Esta mañana, leyendo el obituario en un periódico (los obituarios de los muertos que me interesan, me los inyecto en vena) se mencionaba muy de pasada a nuestro gran Gil Albert. Muerto de curiosidad por saber qué tipo de relación hubieran podido tener el monstruo sagrado alcoyano y el mayor de los Panero, salí corriendo a abrir la caja de Pandora del Google y no tardé mucho en encontrar una anécdota que, aunque de poca relevancia y tirando a tonta, consideré digna de ser relatada aquí, sobre todo pensando en mi amigo Antonio Castelló, que de Gil Albert se las sabe casi todas. A sus setenta y tres años, la fundación Juan March rindió un merecido homenaje al ilustre habitante de El Salt. A él asistieron un gran número de escritores e intelectuales, entre ellos un jovencísimo Luis Antonio de Villena y Juan Luis Panero. Juan Luis conocía su debilidad por los efebos y su afición al boyeurismo y además, estaba completamente convencido de que el maestro estaba fieramente enamorado de él. Acabados los fastos y las pompas del evento, el recién finado Juan Luis quiso hacerle un regalo especial, un homenaje propio y a puerta cerrada.
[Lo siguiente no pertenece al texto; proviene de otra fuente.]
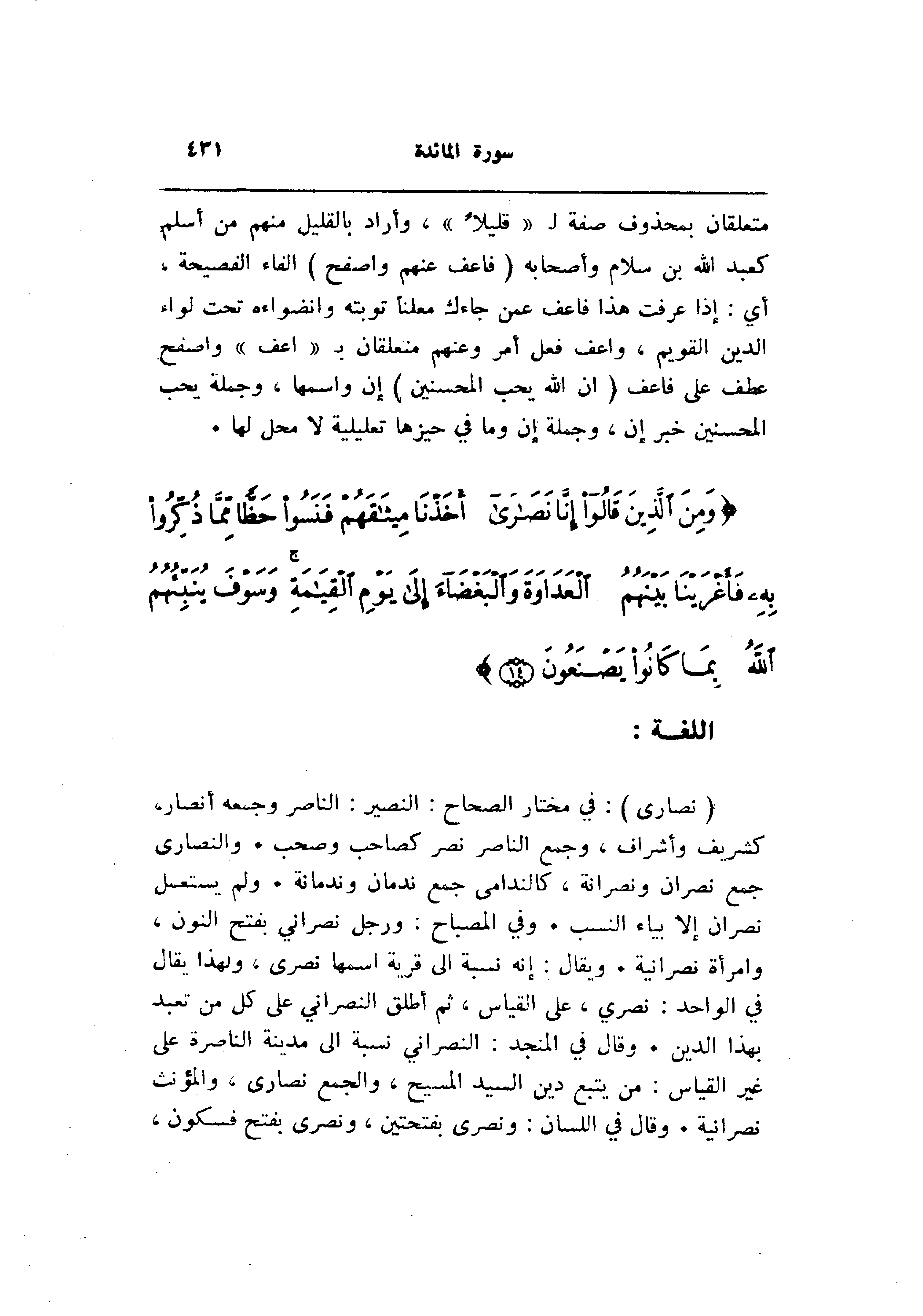 متعلقان بمحذوف صفة ل «قليلا» ، وأراد بالقليل منهم من أسلم كعبد الله بن سلام وأصحابه (فَاعْفُ عَنْهُمْ وَاصْفَحْ) الفاء الفصيحة، أي: إذا عرفت هذا فاعف عمن جاءك معلنا توبته وانضواءه تحت لواء الدين القويم، واعف فعل أمر وعنهم متعلقان ب «اعف» واصفح عطف على فاعف (إِنَّ اللَّهَ يُحِبُّ الْمُحْسِنِينَ) إن واسمها، وجملة يحب المحسنين خبر إن، وجملة إن وما في حيزها تعليلية لا محل لها.

Luis Antonio y él, acompañaron a Gil Albert a la habitación del hotel y Juan Luis, muy pasado de copas, empezó un muy sensual estriptis, todo lo sensual y elegante que le permitía el espantoso ciego que llevaba. Luis Antonio de Villena, al parecer, se retiró discretamente muerto de estupor a una esquina mientras el insigne alcoyano dicen que miraba atónito, humedecidos los ojos por la emoción y una beatífica sonrisa de gratitud en los labios. Según el propio Panero, en agradecimiento, el maestro le dedicó su libro “Homenaje a los presocráticos”.
Pues nada, don Antonio, hasta aquí la anécdota que tengo el gran placer de regalarle para que la suelte usted cuando le plazca (de nada). Ya me contará usted el lunes, por San Lorenzo o aledaños, si la conocía y si mi descubrimiento se merece o no un cortadito en L’Autèntic. Au.